• **TASK BRIEF**
Apart from the pictures, every entry must be retyped exactly.

....................

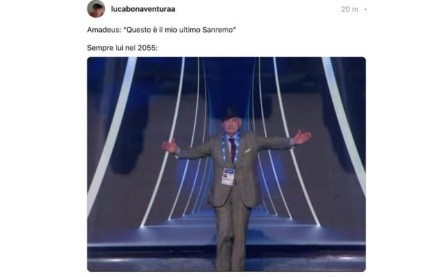 Preso di mira anche Amadeus: "Questo sarà il mio ultimo Festival", e una foto di Ruggiero Del Vecchio, un pensionato di 83 anni. "Sempre lui nel 2055". E poi meme sui La Sad per la loro acconciatura, addirittura uno di loro sarebbe "figlio di Kmer". Ce ne sono a bizzeffe su Big Mama, ancora Amadeus a causa dello sketch del "preserbacino" inventato da Mengoni, Il Volo, Irama e tutti gli altri cantanti in gara.
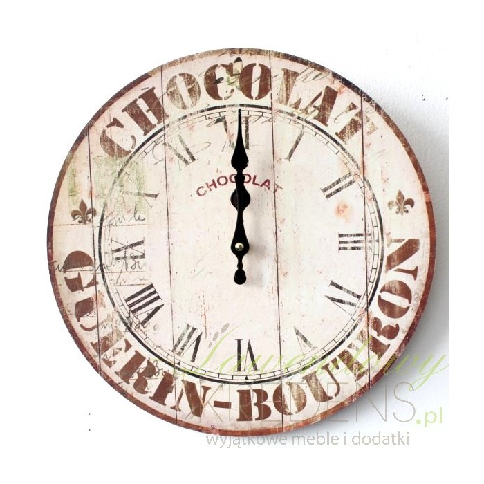 Okrągłe zegary w stylu retro z napisem CHOCOLAT, czyli zegary ścienne idealne do kuchni
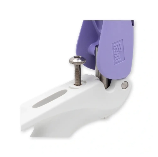 Item number: 390903 Decorate a pair of jeans with rivets, put press fasteners on baby clothing or punch holes for a hoodie cord and attach eyelets – with the Vario Creative Tool the versatile non-sew products by Prym can be processed very easily and without effort. Thanks to its ergonomic shape with soft touch surface the handle sits comfortably in the hand and does not slip. The measuring bar for measuring length and width, the plastic feet for secure standing and the option to finely adjust the power transmission allow fatigue-free, efficient and precise work. It is very easy to punch a hole: Raise the handle, insert the punching tools and position the fabric. Afterwards lower the handle, apply pressure and punch the hole in the material. Very handy: Punching tools in different sizes are already included. Moreover, the Vario Creative Tool is compatible with all existing Prym tool sets and consumer products in the Prym non-sew range – a comfortable alternative to the Vario press fastener, punch and eyelet pliers. A table clamp for added stability is available separately. In addition, the Vario Creative Tool in the ergonomics colours alabaster white, purple and lavender looks really nice on the worktable.
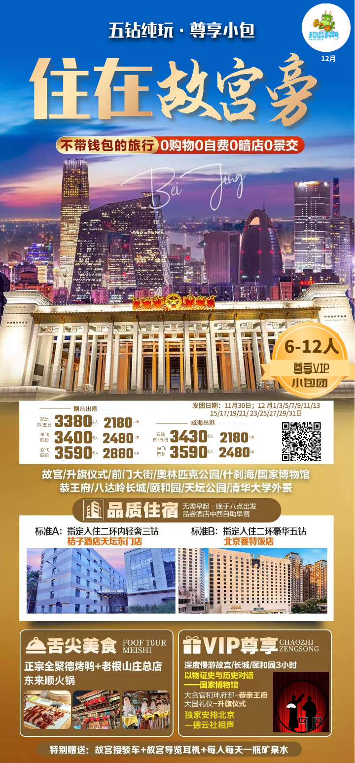 线路名称:住在故宫旁-北京单飞单动四天
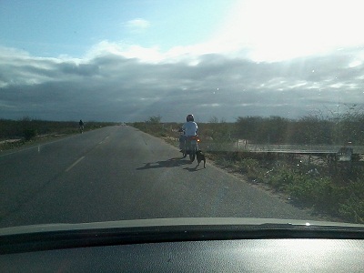 Um flagrante do absurdo: este motociclista arrasta uma cadela pela corda amarrada em sua moto, sem dar a mínima importância para o estado do animal.
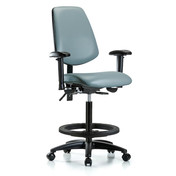 Vinyl High Bench Height Chair with Medium Back is adjustable from 25-34.5 inches from the top of the seat to the floor and features ergonomic adjustments including seat height and locking back tilt, locking seat tilt, 6-way adjustable arm rests, black nylon adjustable foot ring, and black, nylon-reinforced fiberglass base with dual-wheel, self-braking, non-marring casters suitable for hard floors in antibacterial/antifungal Storm Supernova Vinyl.
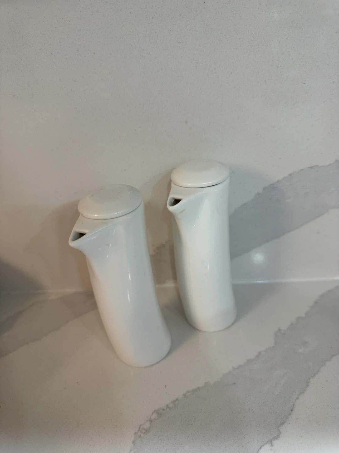 A set of two matching white ceramic creamer or sauce pitchers. They feature a classic design with a spout and lid. White ceramic material.
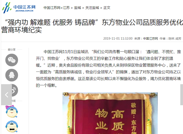 “我們公司流傳著一句順口溜:‘遇問題、不慌忙、推開門、找物業(yè)’,東方物業(yè)公司員工的辛勤工作和貼心服務(wù)讓我們體會(huì)到了家的溫暖。”近期,奧夫食品股份有限公司王總來到綜保區(qū)物業(yè)管理服務(wù)中心,送來了一面題為“高質(zhì)服務(wù)鑄誠(chéng)信,物業(yè)行業(yè)領(lǐng)軍人”的錦旗,道出了對(duì)東方物業(yè)公司持之以恒優(yōu)質(zhì)服務(wù)的由衷感謝。這正是該公司長(zhǎng)期以來不懈強(qiáng)化為企服務(wù),竭力優(yōu)化營(yíng)商環(huán)境的一個(gè)縮影。
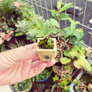 大宮盆栽祭りで購入したまゆみなんだけど幹まで苔むしはじめた 狭いから集めて置きすぎなんだろうな 今日は鉢に絵付けします
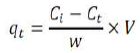 [7]Donde 𝑞𝑡 es la capacidad de adsorción del adsorbente (mg/g), 𝐶i y 𝐶𝑡 son las concentraciones iniciales y en el tiempo t de AM en la solución (mg/L), V es el volumen de la solución (L) y 𝑤 es la masa del adsorbente (g). Mediante este proceso también es posible determinar el tiempo óptimo de contacto (12).
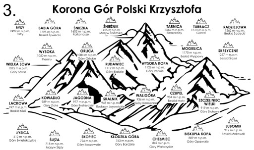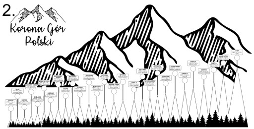 Drewniana tablica KORONA GÓR POLSKI z elementami do zaznaczenia zdobytych szczytów!
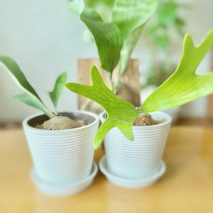 ビカクシダ♡ コウモリランたち 植え替えしました〜♪ 植え替えしてあげなきゃ〜💦って 思いながらも ずっと後回しにして約2年(^^;) やっと作業ができて 気持ちがスッキリしました(˶ᐢᗜᐢ˶) 奥のビカクシダは セリアの木材で板付しました 手前の子たちは 苔玉仕立てに してたのだけど 調子悪くなったので 鉢に植え替えて 経過観察します😂 ②が 2年前の 元気だった頃…👉🏻👈🏻💕 アルシコルネと ネザーランド どっちがどっちか 分からなくなりました(^^;
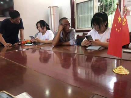 在庄子塬村,同学们帮助村民下载安装软件,并指导村民学习采集信息。
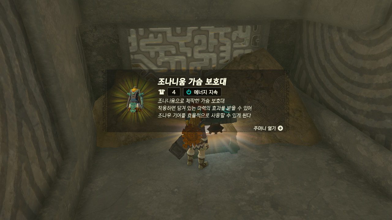 야음사미노의 사당뒤에 보면 용암이 있는 부분에 물화살이나 물을 이용해 발판을 만든뒤 위로 숨겨진 방에 트레루프 하여 올라가야 조나니움 가슴 보호대가 있는 보물상자를 열수 있다.
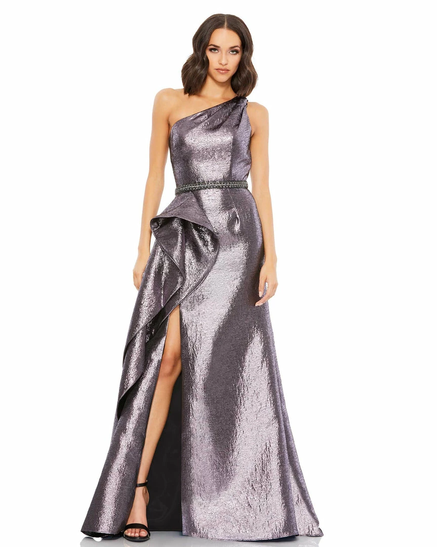 One shoulder shimmering metallic gown with a rhinestone belt and ruffle-accented thigh-high slit.
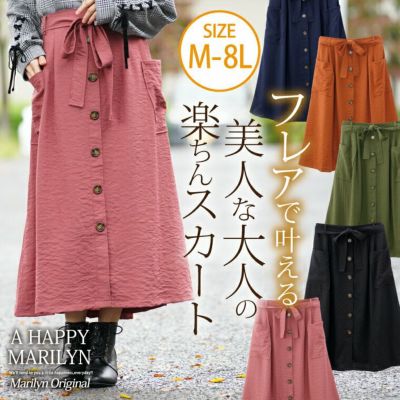 大人の楽ちん ボタンデザイン ワーク風 リボン付き ロング丈 フレアースカート | 大きいサイズの通販ならハッピーマリリンのレビュー
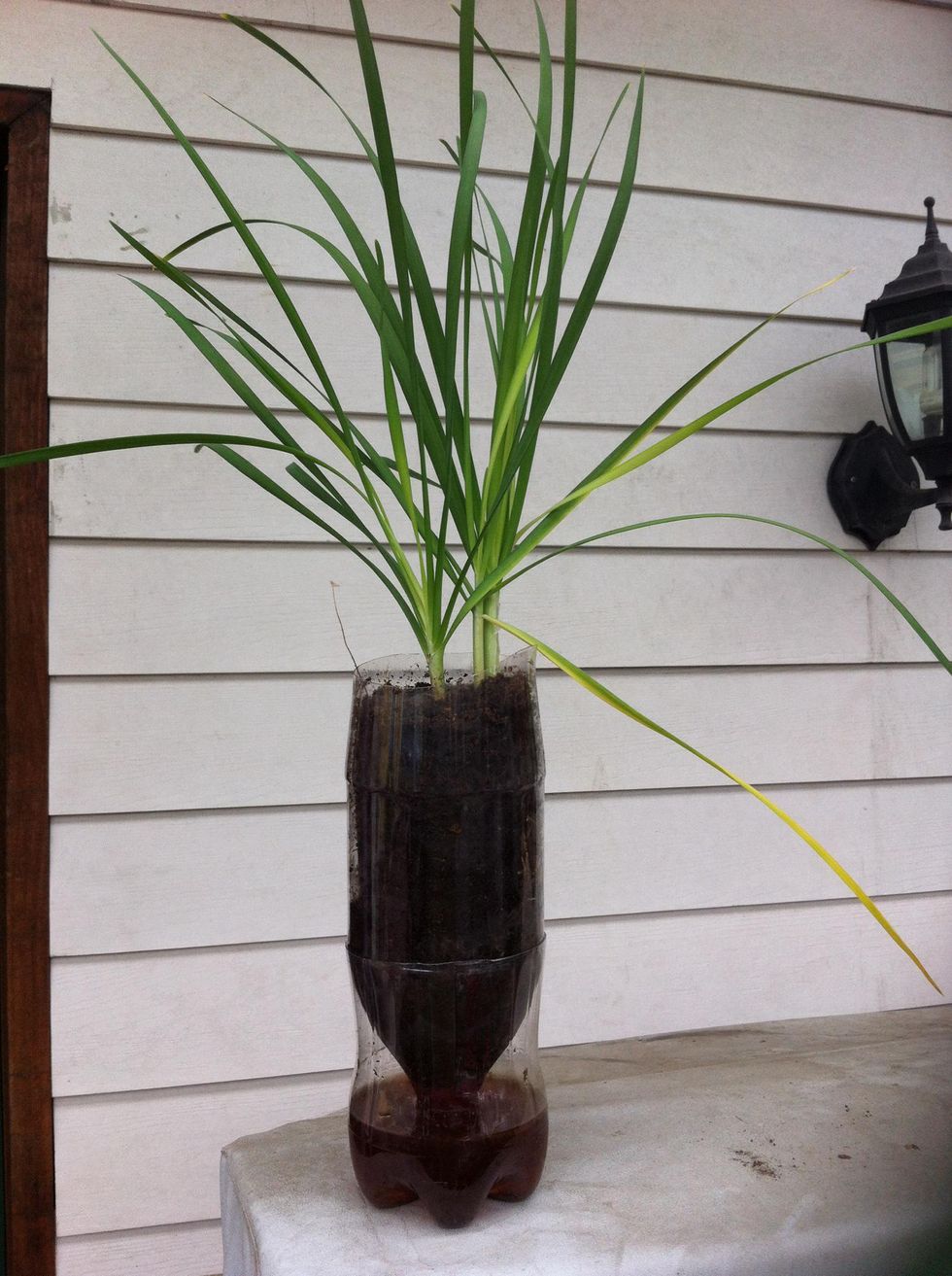 Pour the coco mixture into the plastic bottle half way, then place the plant on top of it, and fill the rest of the space with the mixture.
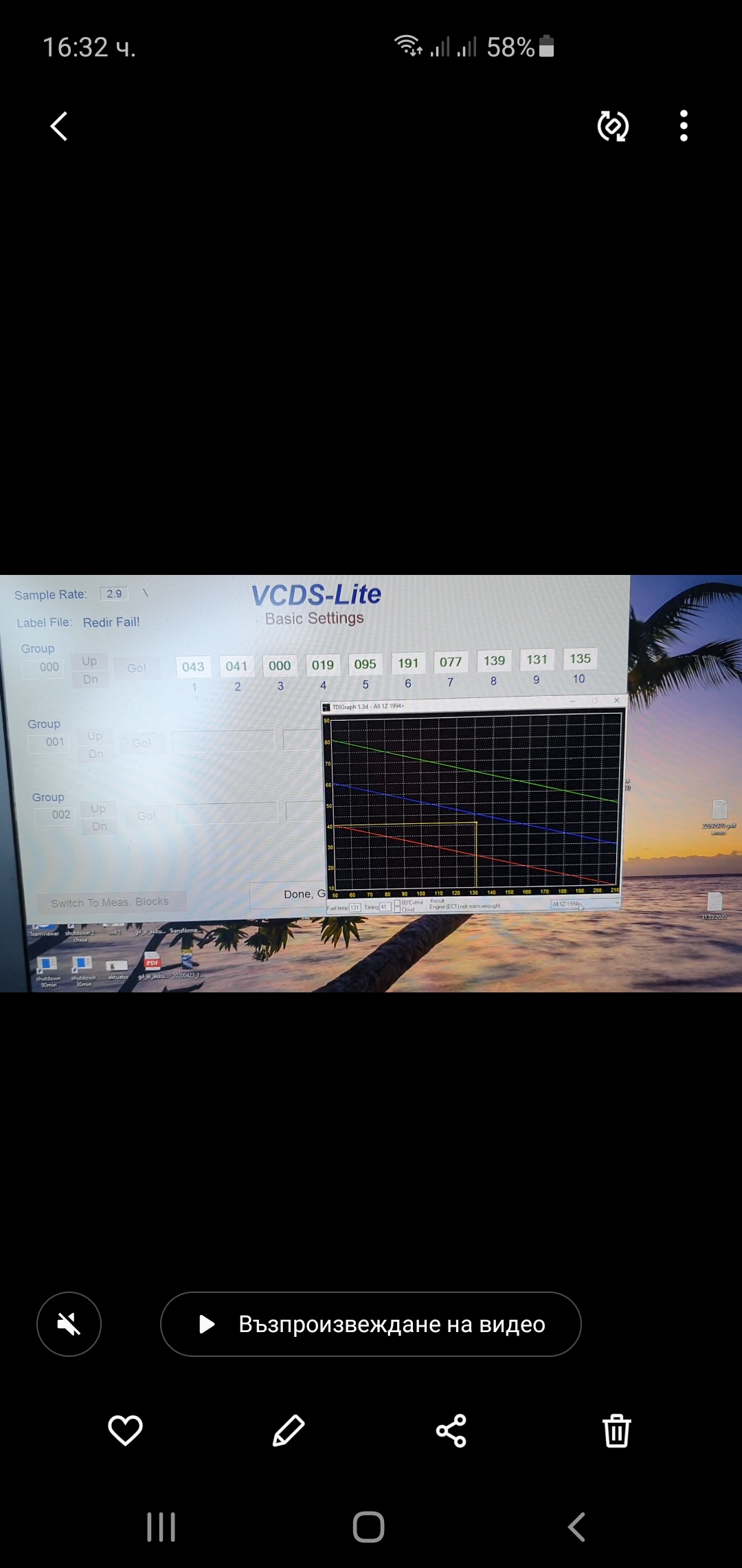 Снимките не се виждат. Но дори с дефектен датчик трябва да пали. Колко оборота вдига когато не пали? Проблем с палене напълно загряла има ли?
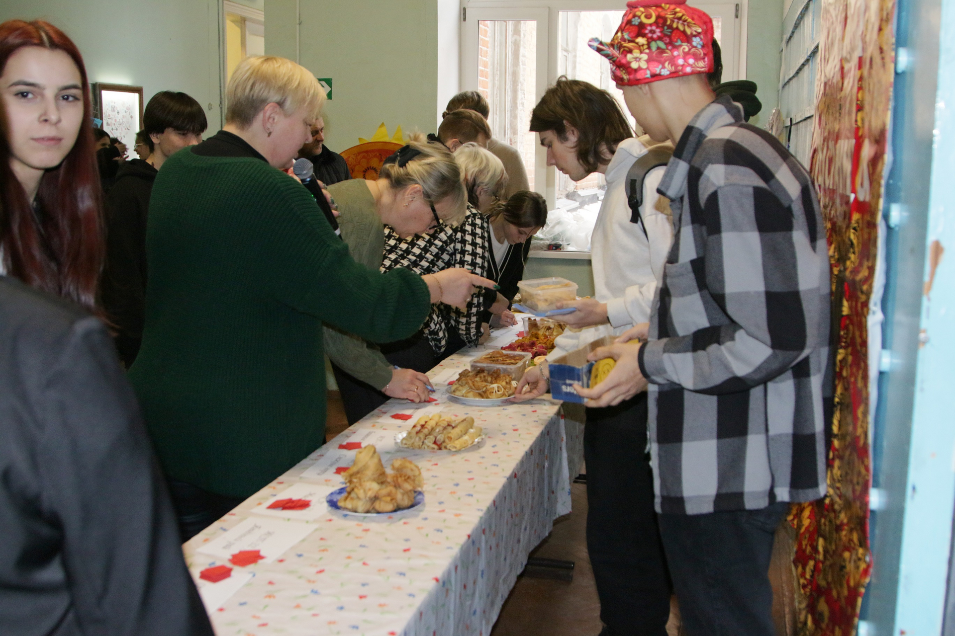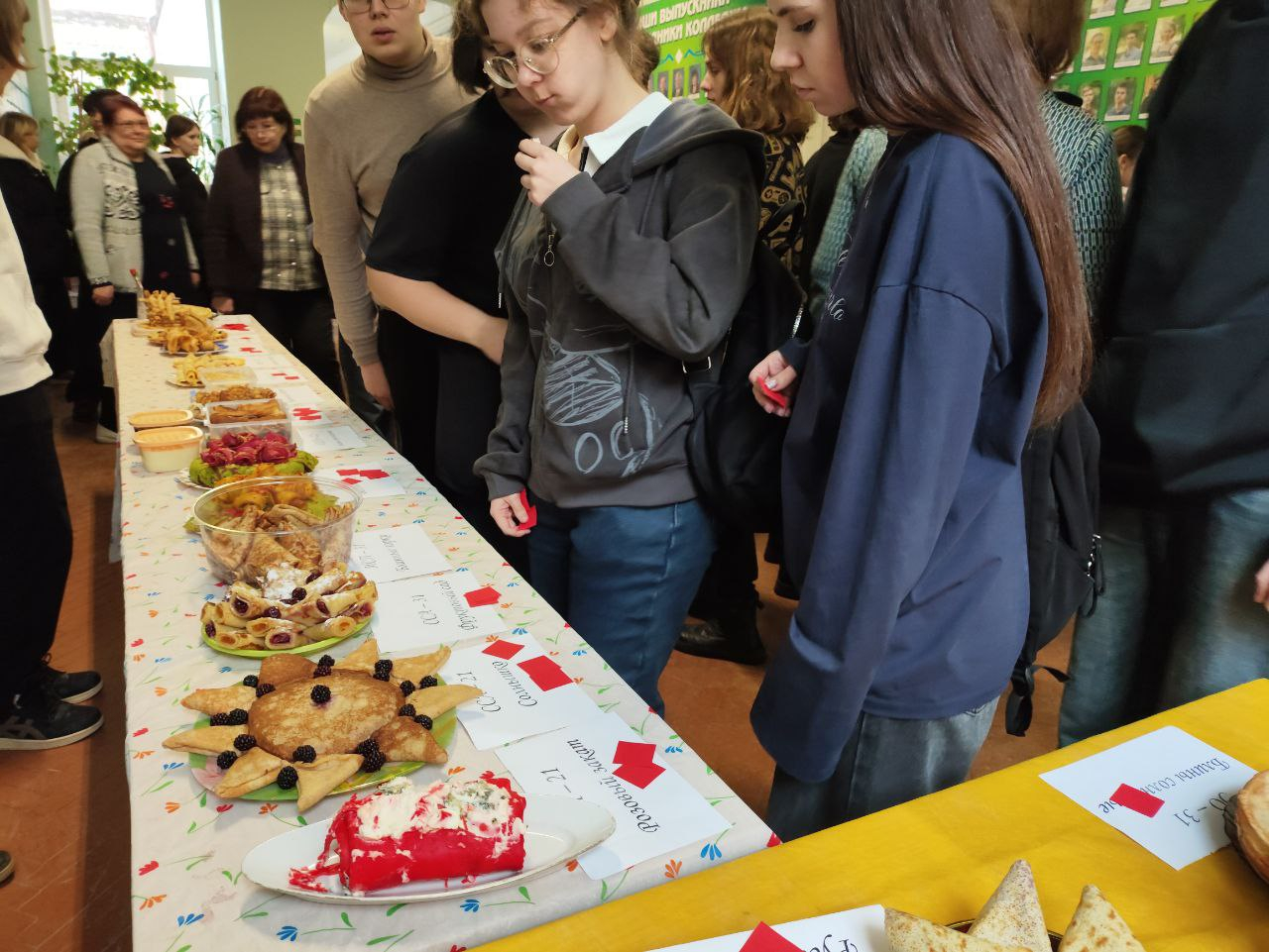 Одновременно проходил конкурс на самые аппетитные, румяные и креативно оформленные блины: студенты приносили свои шедевры, придумывали им интересные названия и представляли их на зрительское голосование. От некоторых групп приносили несколько вариантов подачи блинов по самым известным, или наоборот, секретным семейным рецептам. А все присутствующие отдавали свои голоса за самое понравившееся блюдо.

....................

• **ANSWER**
 Preso di mira anche Amadeus: "Questo sarà il mio ultimo Festival", e una foto di Ruggiero Del Vecchio, un pensionato di 83 anni. "Sempre lui nel 2055". E poi meme sui La Sad per la loro acconciatura, addirittura uno di loro sarebbe "figlio di Kmer". Ce ne sono a bizzeffe su Big Mama, ancora Amadeus a causa dello sketch del "preserbacino" inventato da Mengoni, Il Volo, Irama e tutti gli altri cantanti in gara.
 Okrągłe zegary w stylu retro z napisem CHOCOLAT, czyli zegary ścienne idealne do kuchni
 Item number: 390903 Decorate a pair of jeans with rivets, put press fasteners on baby clothing or punch holes for a hoodie cord and attach eyelets – with the Vario Creative Tool the versatile non-sew products by Prym can be processed very easily and without effort. Thanks to its ergonomic shape with soft touch surface the handle sits comfortably in the hand and does not slip. The measuring bar for measuring length and width, the plastic feet for secure standing and the option to finely adjust the power transmission allow fatigue-free, efficient and precise work. It is very easy to punch a hole: Raise the handle, insert the punching tools and position the fabric. Afterwards lower the handle, apply pressure and punch the hole in the material. Very handy: Punching tools in different sizes are already included. Moreover, the Vario Creative Tool is compatible with all existing Prym tool sets and consumer products in the Prym non-sew range – a comfortable alternative to the Vario press fastener, punch and eyelet pliers. A table clamp for added stability is available separately. In addition, the Vario Creative Tool in the ergonomics colours alabaster white, purple and lavender looks really nice on the worktable.
 线路名称:住在故宫旁-北京单飞单动四天
 Um flagrante do absurdo: este motociclista arrasta uma cadela pela corda amarrada em sua moto, sem dar a mínima importância para o estado do animal.
 Vinyl High Bench Height Chair with Medium Back is adjustable from 25-34.5 inches from the top of the seat to the floor and features ergonomic adjustments including seat height and locking back tilt, locking seat tilt, 6-way adjustable arm rests, black nylon adjustable foot ring, and black, nylon-reinforced fiberglass base with dual-wheel, self-braking, non-marring casters suitable for hard floors in antibacterial/antifungal Storm Supernova Vinyl.
 A set of two matching white ceramic creamer or sauce pitchers. They feature a classic design with a spout and lid. White ceramic material.
 “我們公司流傳著一句順口溜:‘遇問題、不慌忙、推開門、找物業(yè)’,東方物業(yè)公司員工的辛勤工作和貼心服務(wù)讓我們體會(huì)到了家的溫暖。”近期,奧夫食品股份有限公司王總來到綜保區(qū)物業(yè)管理服務(wù)中心,送來了一面題為“高質(zhì)服務(wù)鑄誠(chéng)信,物業(yè)行業(yè)領(lǐng)軍人”的錦旗,道出了對(duì)東方物業(yè)公司持之以恒優(yōu)質(zhì)服務(wù)的由衷感謝。這正是該公司長(zhǎng)期以來不懈強(qiáng)化為企服務(wù),竭力優(yōu)化營(yíng)商環(huán)境的一個(gè)縮影。
 大宮盆栽祭りで購入したまゆみなんだけど幹まで苔むしはじめた 狭いから集めて置きすぎなんだろうな 今日は鉢に絵付けします
 [7]Donde 𝑞𝑡 es la capacidad de adsorción del adsorbente (mg/g), 𝐶i y 𝐶𝑡 son las concentraciones iniciales y en el tiempo t de AM en la solución (mg/L), V es el volumen de la solución (L) y 𝑤 es la masa del adsorbente (g). Mediante este proceso también es posible determinar el tiempo óptimo de contacto (12).
 Drewniana tablica KORONA GÓR POLSKI z elementami do zaznaczenia zdobytych szczytów!
 ビカクシダ♡ コウモリランたち 植え替えしました〜♪ 植え替えしてあげなきゃ〜💦って 思いながらも ずっと後回しにして約2年(^^;) やっと作業ができて 気持ちがスッキリしました(˶ᐢᗜᐢ˶) 奥のビカクシダは セリアの木材で板付しました 手前の子たちは 苔玉仕立てに してたのだけど 調子悪くなったので 鉢に植え替えて 経過観察します😂 ②が 2年前の 元気だった頃…👉🏻👈🏻💕 アルシコルネと ネザーランド どっちがどっちか 分からなくなりました(^^;
 在庄子塬村,同学们帮助村民下载安装软件,并指导村民学习采集信息。
 야음사미노의 사당뒤에 보면 용암이 있는 부분에 물화살이나 물을 이용해 발판을 만든뒤 위로 숨겨진 방에 트레루프 하여 올라가야 조나니움 가슴 보호대가 있는 보물상자를 열수 있다.
 One shoulder shimmering metallic gown with a rhinestone belt and ruffle-accented thigh-high slit.
 大人の楽ちん ボタンデザイン ワーク風 リボン付き ロング丈 フレアースカート | 大きいサイズの通販ならハッピーマリリンのレビュー
 Pour the coco mixture into the plastic bottle half way, then place the plant on top of it, and fill the rest of the space with the mixture.
 Снимките не се виждат. Но дори с дефектен датчик трябва да пали. Колко оборота вдига когато не пали? Проблем с палене напълно загряла има ли?
 Одновременно проходил конкурс на самые аппетитные, румяные и креативно оформленные блины: студенты приносили свои шедевры, придумывали им интересные названия и представляли их на зрительское голосование. От некоторых групп приносили несколько вариантов подачи блинов по самым известным, или наоборот, секретным семейным рецептам. А все присутствующие отдавали свои голоса за самое понравившееся блюдо.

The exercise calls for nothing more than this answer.